Kekecewaan Artalyta Suryani, demikian nama asli pengusaha asal Lampung ini, dibenarkan kuasa hukumnya, Kabul Budiono. ”Ibu Ayin tetap saja kecewa. Tidak semestinya dia dihukum begitu lama,” kata Kabul.
Mahkamah Agung, awal bulan ini, memang mengabulkan upaya hukum peninjauan kembali Ayin. Majelis hakim mengurangi hukuman penyuap jaksa Urip Tri Gunawan itu menjadi 4 tahun 6 bulan penjara dan denda Rp 250 juta subsider kurungan 5 bulan. Hukuman itu enam bulan lebih ringan daripada vonis di pengadilan sebelumnya.
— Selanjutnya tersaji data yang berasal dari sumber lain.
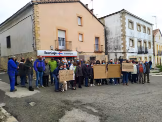 Vecinos de los municipios de la Mancomunidad Alto Tajo se han concentrado este miércoles ante las puertas de la entidad bancaria de Ibercaja en Villanueva de Alcorón (Guadalajara) para pedir que no se vacíe más la España vaciada, tras decidir este banco el cierre del único cajero que permanecía abierto en la localidad y que daba servicio a los diez pueblos incluidos en este órgano mancomunado.

Meski tidak dalam keputusan bulat, majelis hakim yang dipimpin Djoko Sarwoko itu tetap berpendapat Ayin berhak mendapat potongan hukuman. Dua hal mendasari keputusan ini. Ayin dianggap tidak memperoleh keuntungan pribadi dalam penyuapan itu. Dia hanya berperan sebagai penghubung antara pihak terpidana kasus Bantuan Likuiditas Bank Indonesia, Sjamsul Nursalim, dan jaksa Urip. Satu hal lagi adalah pertimbangan kemanusiaan. Ayin, ujar hakim, wanita yang memiliki beberapa perusahaan dengan ribuan tenaga kerja. ”Ada jasa yang demi rasa kemanusiaan harus dipertimbangkan,” kata Hatta Ali, salah satu hakim.
Krisna Harahap, hakim lainnya, mengajukan dissenting opinion. Hakim ad hoc ini sejak awal mempersoalkan permohonan peninjauan kembali yang tidak diajukan sendiri oleh terpidana atau ahli warisnya, tapi oleh kuasa hukumnya. Terpidana menurut dia juga harus dihadirkan di persidangan. ”Secara formil, PK ini tak bisa diterima,” kata Krisna kepada Tempo. Ia mengutip Pasal 263 dan 265 Kitab Undang-Undang Hukum Acara Pidana: terdakwa atau ahli warisnya harus mengajukan permohonan peninjauan kembali secara langsung. Namun hakim anggota yang lain berpendapat kuasa hukum sudah mewakili Ayin yang sedang berada dalam kurungan penjara.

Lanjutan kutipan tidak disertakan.